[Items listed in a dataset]
————————

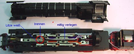 Diese Litze wird mittig, jedoch um die Befestigungslöcher im Bogen, nach hinten zum Tender verlegt. Man kann sie mit etwas
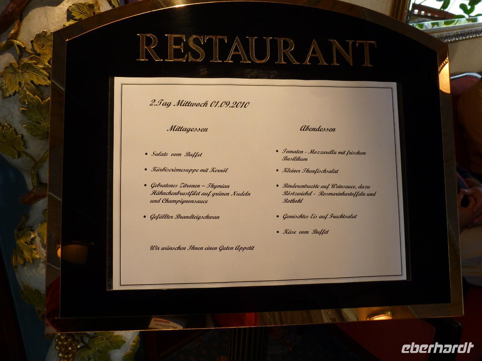 18.45 Uhr verabschiedete sich der Kapitän von den Eberhardt-Gästen und anschließend servierte das Küchenteam ein schmackhaftes Dinner.
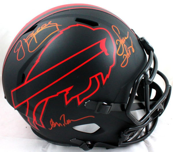 Kelly/Reed/Thomas Autographed Buffalo Bills F/S Eclipse Helmet - JSA W Auth *Red These are hand autographs of Jim Kelly, Andre Reed and Thurman Thomas of the Buffalo Bills on a Riddell Football Full Size Eclipse Speed Replica Helmet. This item has a James Spence Witness Protection Authentication, which comes with a numbered sticker and a matching JSA Certificate of Authenticity. You can view this item on the SpenceLOA website and it shows when and where the item was signed. It was signed either at a public autograph appearance or a private signing. This is a stock photo of the item. Although you may not receive this exact item, the item you receive is virtually identical and brand new in great shape.
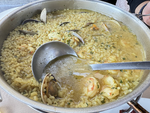 El caldo, por su parte, era pálido y falto de carácter, lo que indica una clara ausencia de sofrito o base de sabor bien trabajada. No se apreciaban notas de tomate reducido, ajo ni ningún elemento que aportara profundidad. Como resultado, el conjunto era plano, sin matices, y los mariscos (gambas y almejas) estaban cocidos pero sin sabor ni presencia destacada.
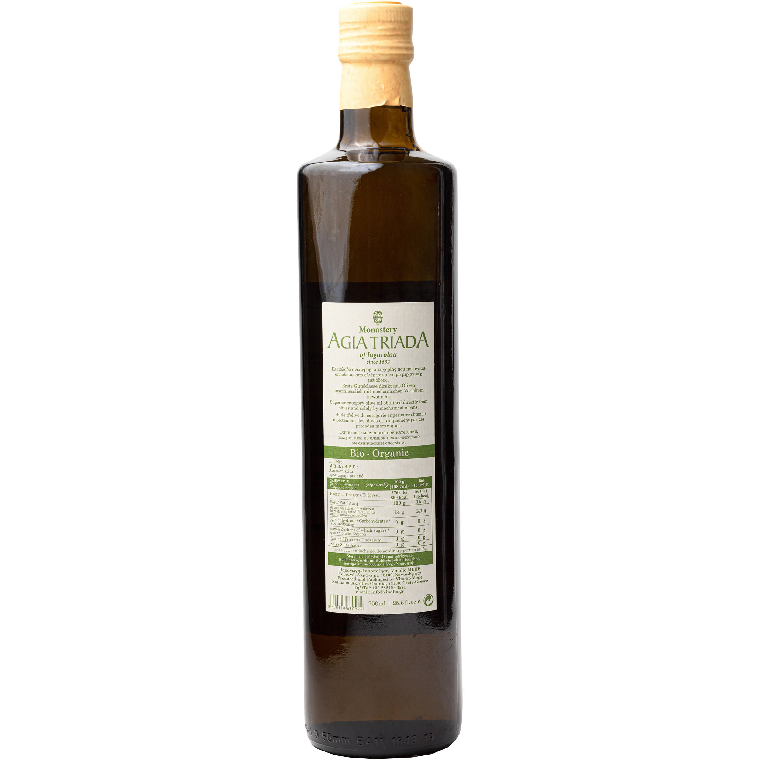 Dieses extra native biologische Olivenöl verdankt seine Qualität, seinen vorzüglichen Geschmack und reiches Aroma, seinem Ursprungsort, der Bezirk von Akrotiri in der Präfektur von Chania auf der Insel Kreta. Es zeichnet sich unter anderem durch seine goldgrüne Farbe, den außergewöhnlichen frischen Aroma und erstaunlich langen Nachgeschmack aus. Vollkommene Gesundheit des Olivenbaums und seiner Frucht wird erzielt, indem man ausschließlich ökologische Methoden zur Schädlingsbekämpfung einsetzt. Die Verarbeitung und Normierung wird von den Mönchen innerhalb des Klosterkomplexes durchgeführt. Auf dieser Weise wird ein garantiertes Qualitätsprodukt namens Agia Triada erzielt.
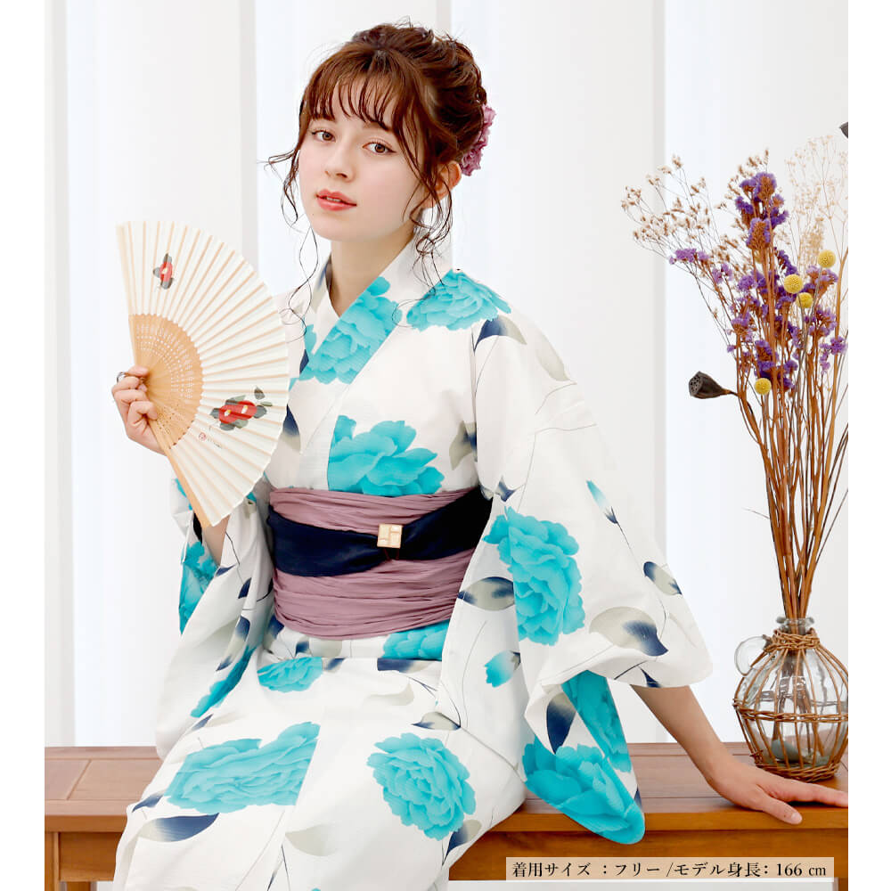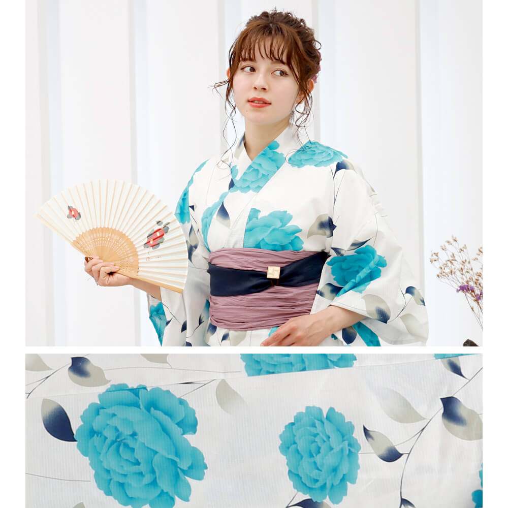 「碧玉牡丹」が美しく咲く、セパレート式の二部式浴衣。

————————

▶ _What you will do_
Set the pictures aside and transcribe exactly the stretch of lines above, beginning with the one holding "18.45 Uhr verabschiedete" and ending with the one holding "Kelly/Reed/Thomas Autographed Buffalo".

▶ _Solution to this problem_
 18.45 Uhr verabschiedete sich der Kapitän von den Eberhardt-Gästen und anschließend servierte das Küchenteam ein schmackhaftes Dinner.
 Kelly/Reed/Thomas Autographed Buffalo Bills F/S Eclipse Helmet - JSA W Auth *Red These are hand autographs of Jim Kelly, Andre Reed and Thurman Thomas of the Buffalo Bills on a Riddell Football Full Size Eclipse Speed Replica Helmet. This item has a James Spence Witness Protection Authentication, which comes with a numbered sticker and a matching JSA Certificate of Authenticity. You can view this item on the SpenceLOA website and it shows when and where the item was signed. It was signed either at a public autograph appearance or a private signing. This is a stock photo of the item. Although you may not receive this exact item, the item you receive is virtually identical and brand new in great shape.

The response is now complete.